- [THE INPUT]:
◆ ◆ ◆

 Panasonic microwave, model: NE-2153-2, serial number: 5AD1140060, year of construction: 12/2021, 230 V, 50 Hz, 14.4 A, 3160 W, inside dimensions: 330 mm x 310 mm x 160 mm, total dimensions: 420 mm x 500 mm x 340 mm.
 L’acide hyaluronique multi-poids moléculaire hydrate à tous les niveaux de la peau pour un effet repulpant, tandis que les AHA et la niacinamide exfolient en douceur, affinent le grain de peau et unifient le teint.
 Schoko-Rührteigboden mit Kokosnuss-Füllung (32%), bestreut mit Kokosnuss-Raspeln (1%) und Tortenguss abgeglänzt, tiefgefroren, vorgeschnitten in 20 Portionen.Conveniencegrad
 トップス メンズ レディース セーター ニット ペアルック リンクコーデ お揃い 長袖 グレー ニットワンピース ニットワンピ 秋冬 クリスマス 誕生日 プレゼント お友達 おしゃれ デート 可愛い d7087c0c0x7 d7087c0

◆ ◆ ◆

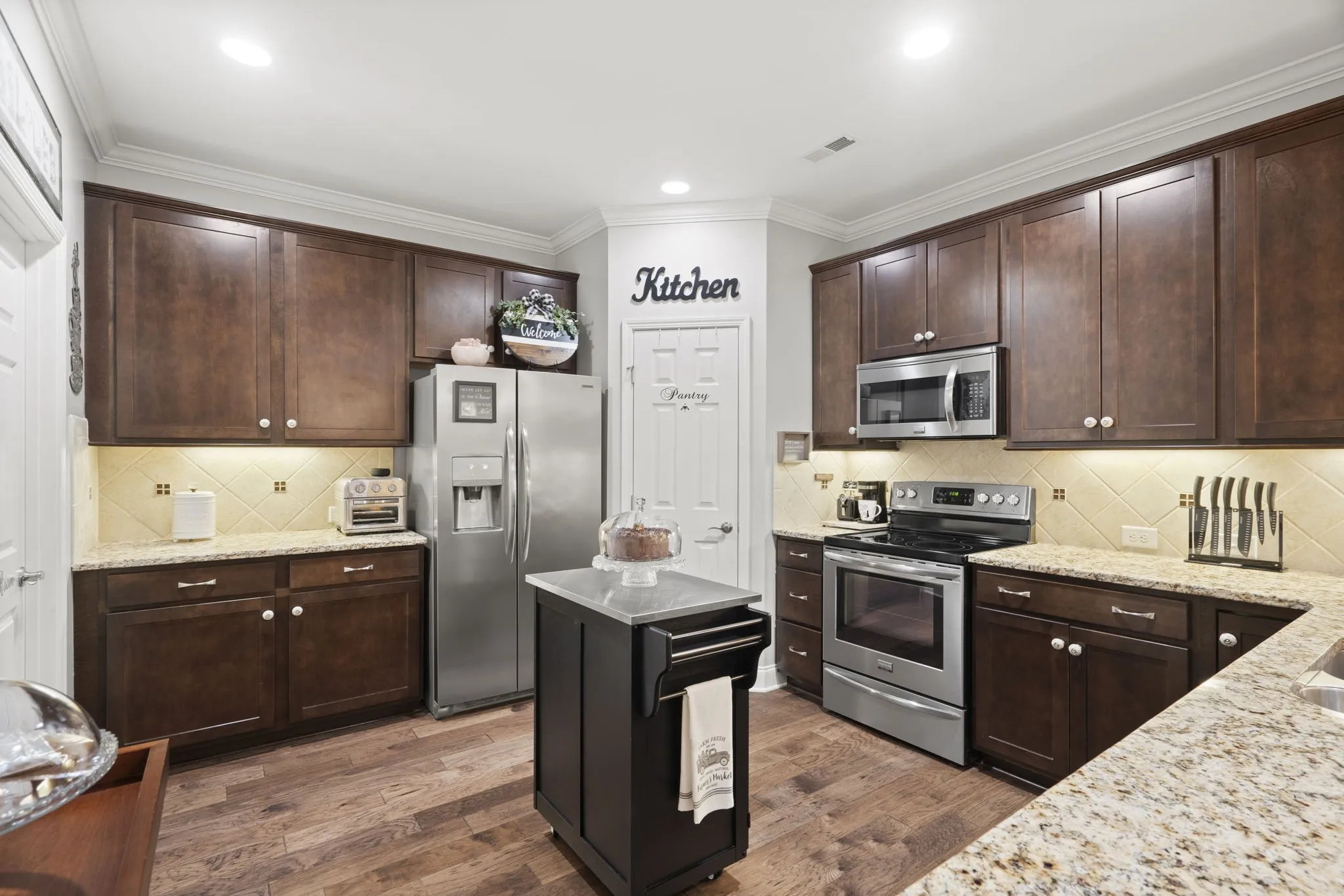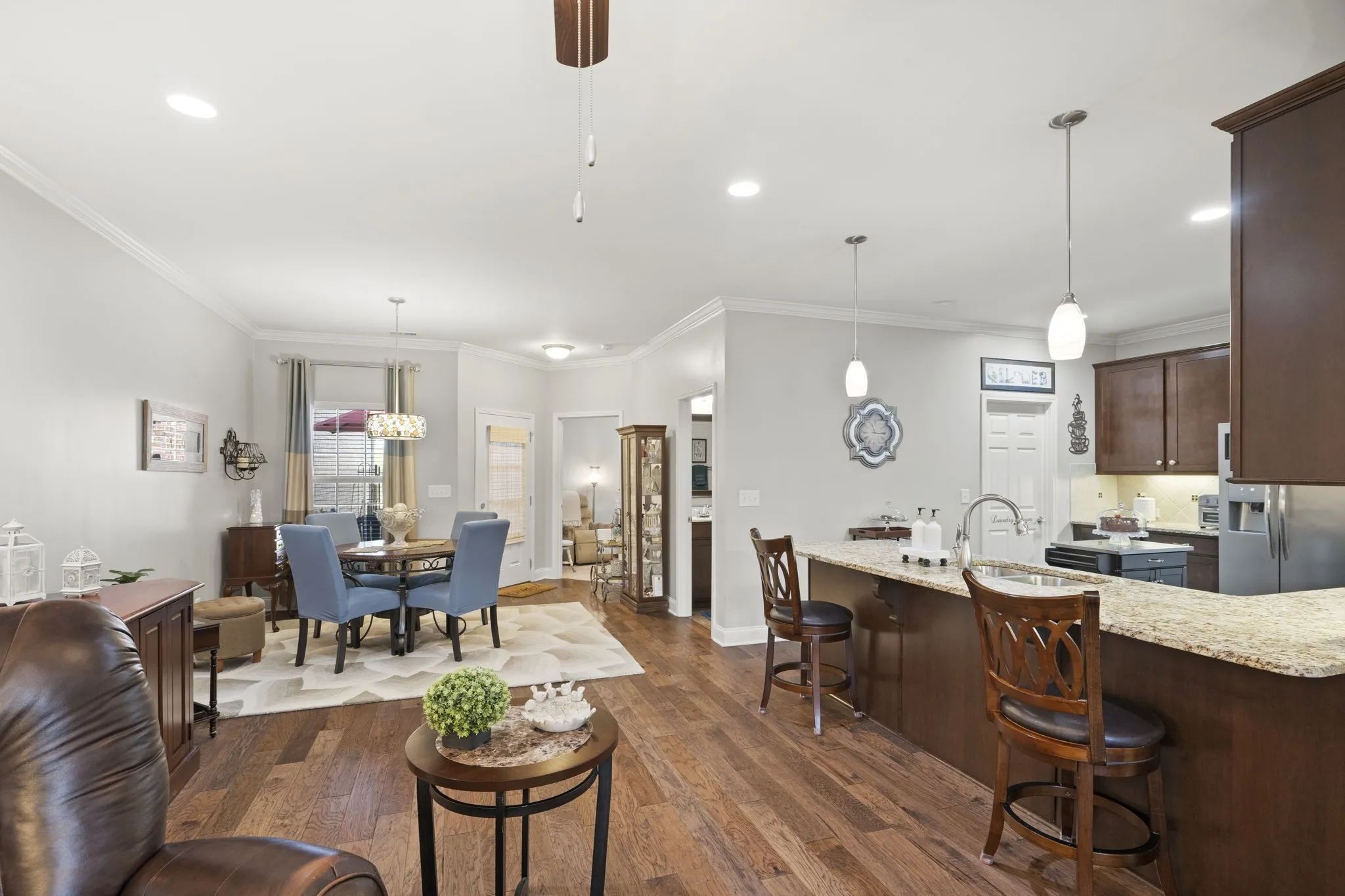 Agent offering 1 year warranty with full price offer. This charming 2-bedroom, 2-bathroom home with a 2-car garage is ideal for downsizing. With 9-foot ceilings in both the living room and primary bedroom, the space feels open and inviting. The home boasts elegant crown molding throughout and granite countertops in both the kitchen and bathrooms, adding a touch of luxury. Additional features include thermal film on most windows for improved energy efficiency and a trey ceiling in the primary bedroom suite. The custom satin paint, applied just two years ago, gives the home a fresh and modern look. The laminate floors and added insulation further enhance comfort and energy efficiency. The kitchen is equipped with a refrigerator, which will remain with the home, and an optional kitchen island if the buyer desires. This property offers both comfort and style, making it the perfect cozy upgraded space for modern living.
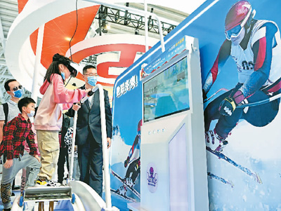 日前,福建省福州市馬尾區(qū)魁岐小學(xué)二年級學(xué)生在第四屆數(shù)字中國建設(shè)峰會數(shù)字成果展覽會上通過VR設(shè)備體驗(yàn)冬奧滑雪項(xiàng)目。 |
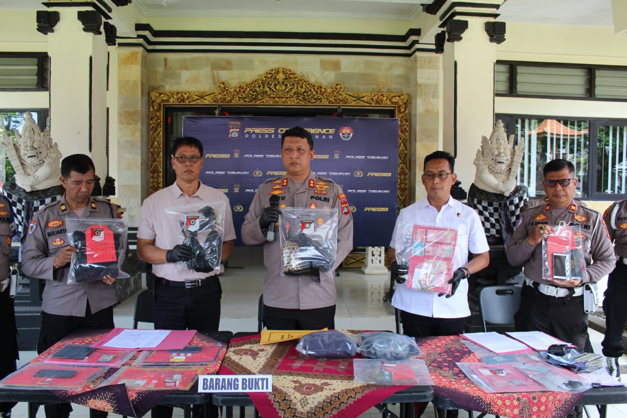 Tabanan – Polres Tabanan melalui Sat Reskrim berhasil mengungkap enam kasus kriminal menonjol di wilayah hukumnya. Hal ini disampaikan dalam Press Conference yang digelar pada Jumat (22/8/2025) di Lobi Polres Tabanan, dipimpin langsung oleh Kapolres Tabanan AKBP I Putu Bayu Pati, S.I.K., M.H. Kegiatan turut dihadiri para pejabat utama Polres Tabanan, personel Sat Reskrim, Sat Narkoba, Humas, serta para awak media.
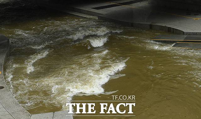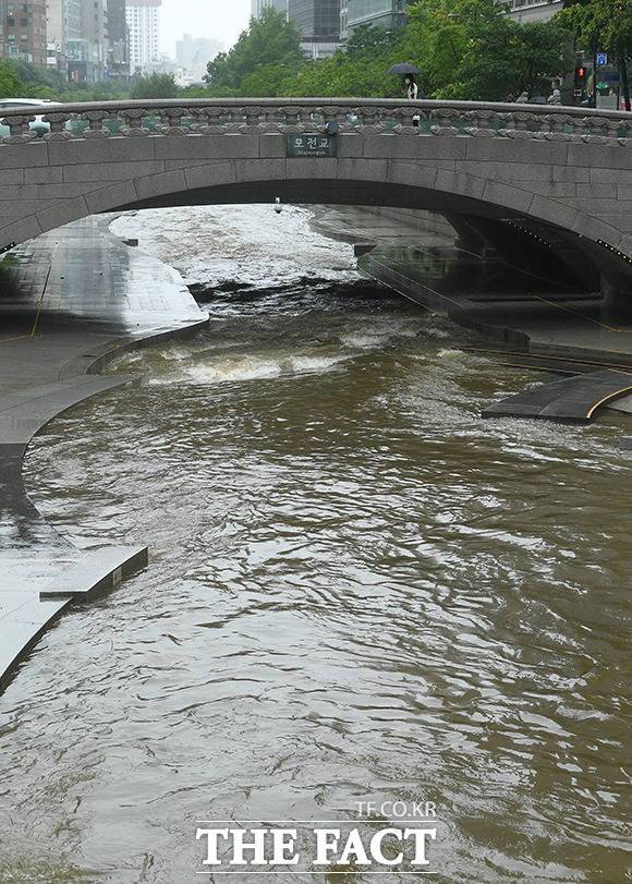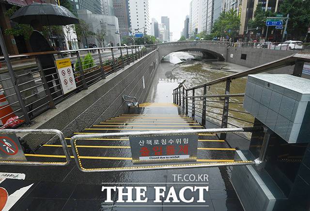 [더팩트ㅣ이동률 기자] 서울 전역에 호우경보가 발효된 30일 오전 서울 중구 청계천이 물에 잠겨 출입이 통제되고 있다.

◆ ◆ ◆

- [TASK DETAILS]: Among the lines above, repeat exactly those from the line with "Panasonic microwave, model: NE-2153-2, serial" to the line with "トップス メンズ レディース", counting both ends.

- [EXERCISE ANSWER]:
 Panasonic microwave, model: NE-2153-2, serial number: 5AD1140060, year of construction: 12/2021, 230 V, 50 Hz, 14.4 A, 3160 W, inside dimensions: 330 mm x 310 mm x 160 mm, total dimensions: 420 mm x 500 mm x 340 mm.
 L’acide hyaluronique multi-poids moléculaire hydrate à tous les niveaux de la peau pour un effet repulpant, tandis que les AHA et la niacinamide exfolient en douceur, affinent le grain de peau et unifient le teint.
 Schoko-Rührteigboden mit Kokosnuss-Füllung (32%), bestreut mit Kokosnuss-Raspeln (1%) und Tortenguss abgeglänzt, tiefgefroren, vorgeschnitten in 20 Portionen.Conveniencegrad
 トップス メンズ レディース セーター ニット ペアルック リンクコーデ お揃い 長袖 グレー ニットワンピース ニットワンピ 秋冬 クリスマス 誕生日 プレゼント お友達 おしゃれ デート 可愛い d7087c0c0x7 d7087c0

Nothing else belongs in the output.